Copy the records below exactly, starting at the line that contains "また、友だちと鬼ごっこをしたりシーソーをしたりして遊ぶ子も見られます。" and ending at the line that contains "如图所示,需要玩家把对应的图"; leave out any pictures.

**Data supplied**
┄┄┄┄┄┄┄┄┄┄┄┄┄┄┄┄┄┄┄┄

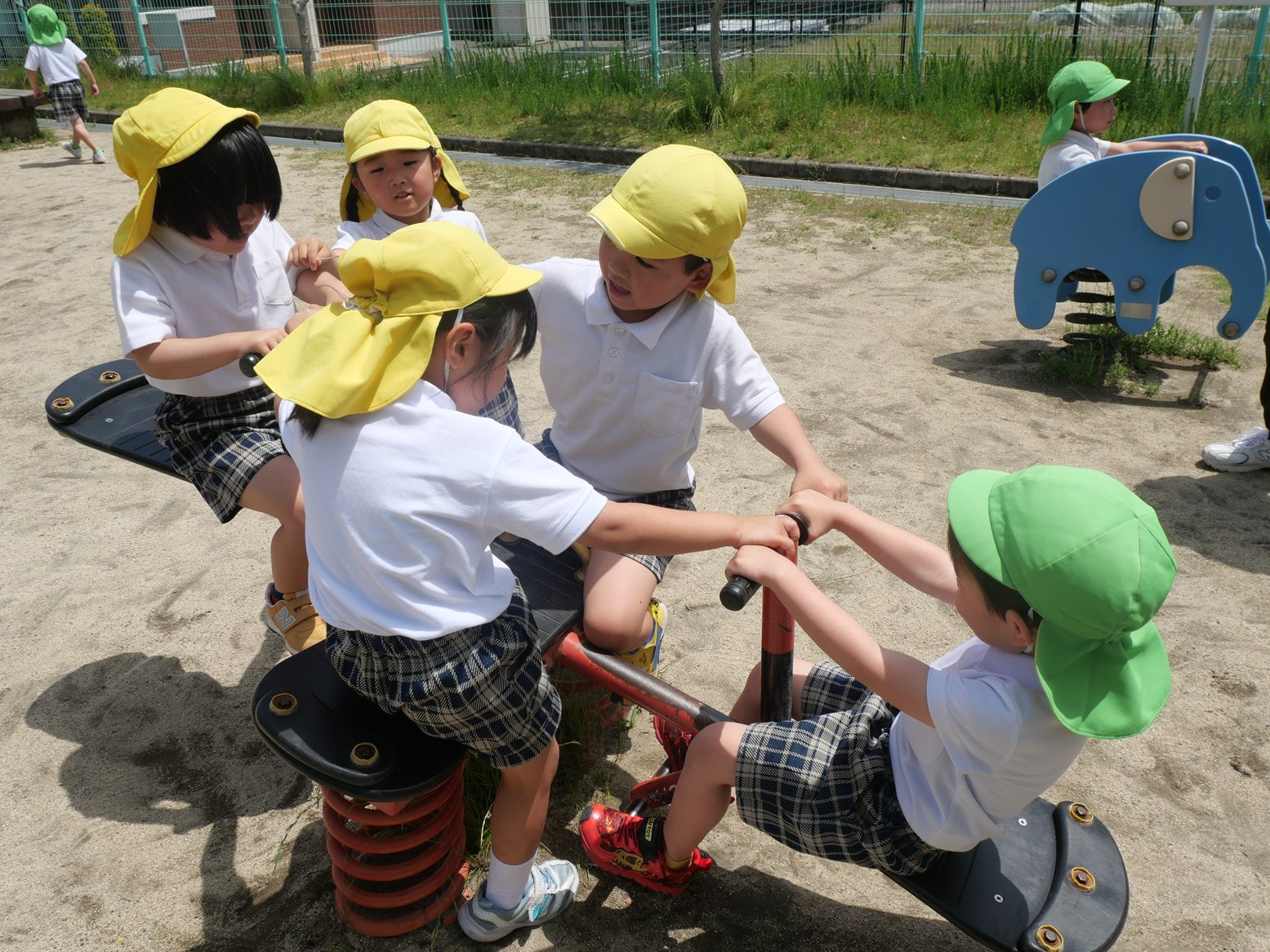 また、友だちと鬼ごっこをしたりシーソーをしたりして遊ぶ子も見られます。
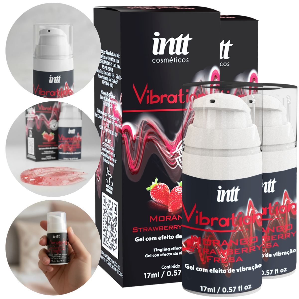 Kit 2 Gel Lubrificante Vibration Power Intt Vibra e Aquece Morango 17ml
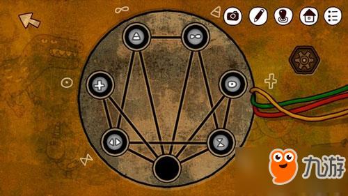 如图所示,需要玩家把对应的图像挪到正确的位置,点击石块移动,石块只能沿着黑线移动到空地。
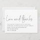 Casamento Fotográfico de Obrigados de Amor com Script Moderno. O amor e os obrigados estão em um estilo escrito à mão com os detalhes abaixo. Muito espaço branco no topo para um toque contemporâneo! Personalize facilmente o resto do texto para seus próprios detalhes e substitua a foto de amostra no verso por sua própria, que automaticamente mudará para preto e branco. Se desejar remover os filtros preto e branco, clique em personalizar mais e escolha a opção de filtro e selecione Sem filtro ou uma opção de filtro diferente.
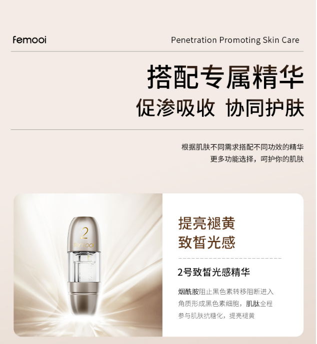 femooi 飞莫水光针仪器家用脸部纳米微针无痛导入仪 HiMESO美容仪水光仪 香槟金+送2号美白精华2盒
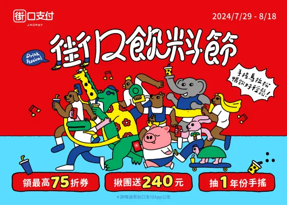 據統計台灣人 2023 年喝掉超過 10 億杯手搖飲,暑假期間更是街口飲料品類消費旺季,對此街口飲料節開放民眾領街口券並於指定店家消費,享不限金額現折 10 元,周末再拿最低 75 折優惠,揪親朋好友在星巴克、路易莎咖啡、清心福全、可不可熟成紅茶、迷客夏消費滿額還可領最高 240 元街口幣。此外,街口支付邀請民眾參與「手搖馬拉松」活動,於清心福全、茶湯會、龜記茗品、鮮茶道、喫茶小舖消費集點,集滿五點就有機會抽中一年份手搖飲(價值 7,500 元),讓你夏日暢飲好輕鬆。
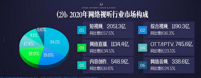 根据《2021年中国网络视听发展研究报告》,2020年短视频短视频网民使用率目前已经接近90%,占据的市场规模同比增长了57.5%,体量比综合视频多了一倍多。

┄┄┄┄┄┄┄┄┄┄┄┄┄┄┄┄┄┄┄┄

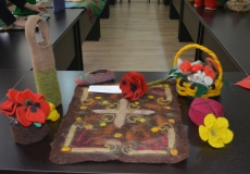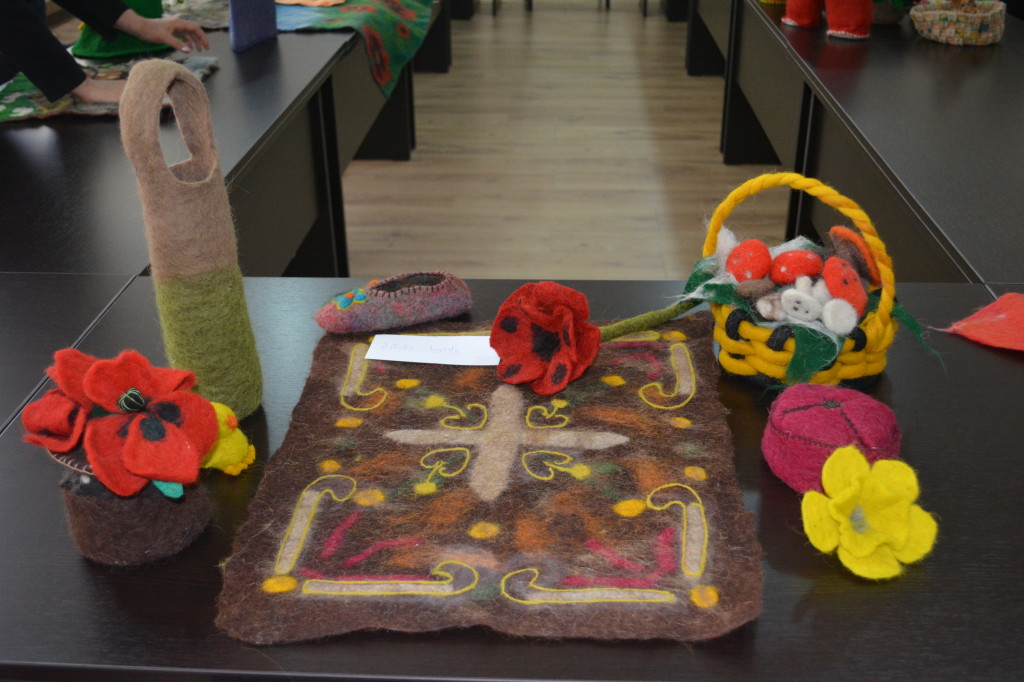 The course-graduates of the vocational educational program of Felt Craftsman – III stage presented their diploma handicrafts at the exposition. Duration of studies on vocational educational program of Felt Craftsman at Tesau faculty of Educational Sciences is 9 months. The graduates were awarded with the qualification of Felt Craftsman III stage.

┄┄┄┄┄┄┄┄┄┄┄┄┄┄┄┄┄┄┄┄

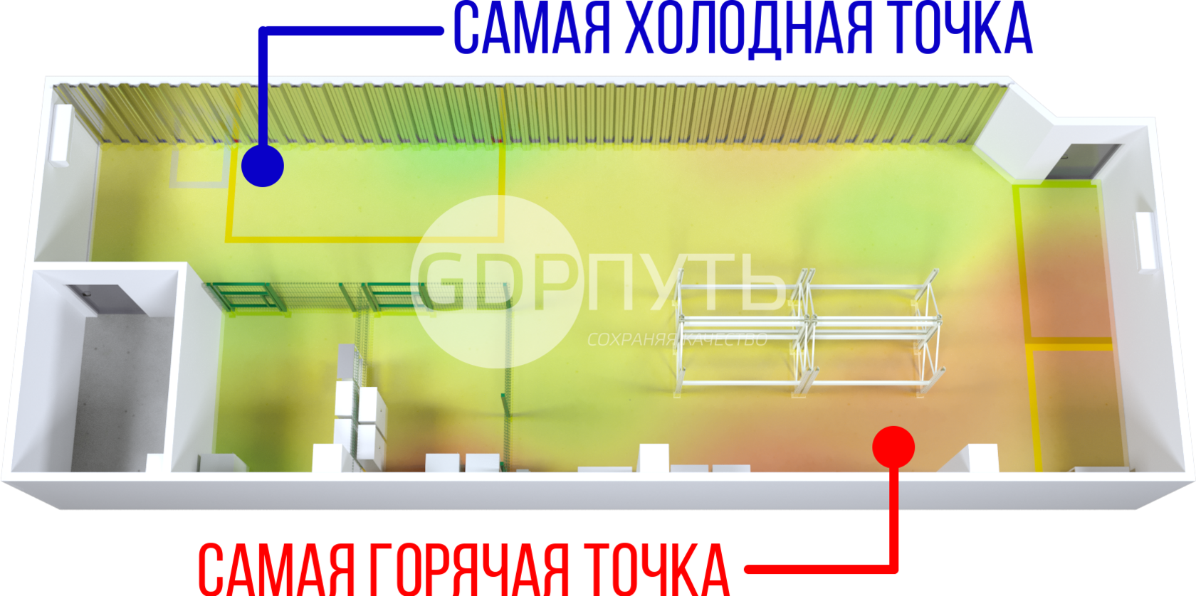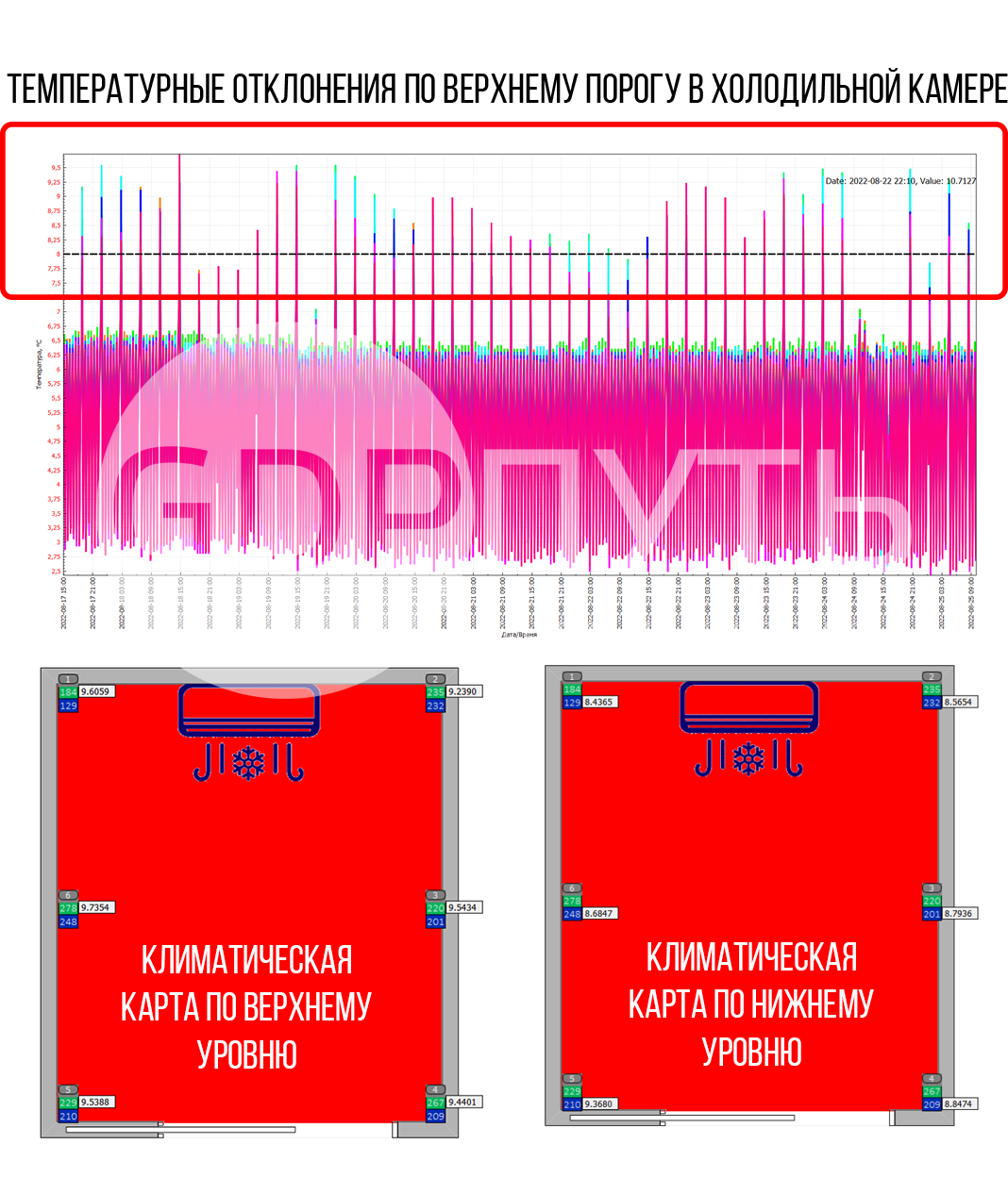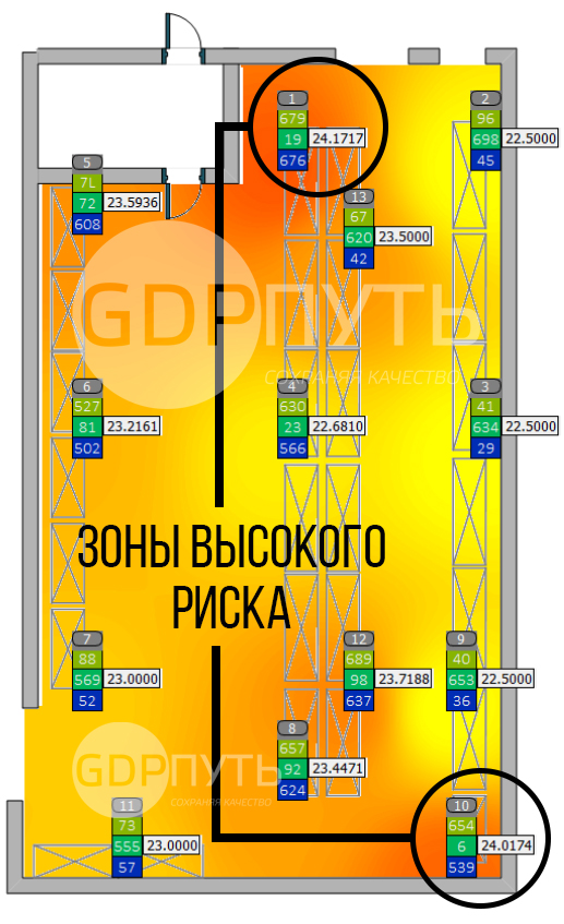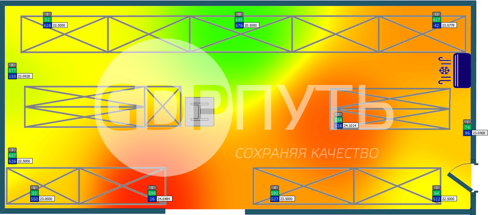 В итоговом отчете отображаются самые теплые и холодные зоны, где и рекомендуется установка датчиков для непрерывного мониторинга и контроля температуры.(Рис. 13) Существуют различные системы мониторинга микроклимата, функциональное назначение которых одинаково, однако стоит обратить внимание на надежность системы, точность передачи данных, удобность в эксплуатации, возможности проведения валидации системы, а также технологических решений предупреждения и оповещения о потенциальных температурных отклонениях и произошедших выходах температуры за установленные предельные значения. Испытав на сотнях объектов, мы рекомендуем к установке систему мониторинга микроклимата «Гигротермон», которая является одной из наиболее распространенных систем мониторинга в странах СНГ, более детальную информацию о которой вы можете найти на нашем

┄┄┄┄┄┄┄┄┄┄┄┄┄┄┄┄┄┄┄┄

**Response to the task**
 また、友だちと鬼ごっこをしたりシーソーをしたりして遊ぶ子も見られます。
 Kit 2 Gel Lubrificante Vibration Power Intt Vibra e Aquece Morango 17ml
 如图所示,需要玩家把对应的图像挪到正确的位置,点击石块移动,石块只能沿着黑线移动到空地。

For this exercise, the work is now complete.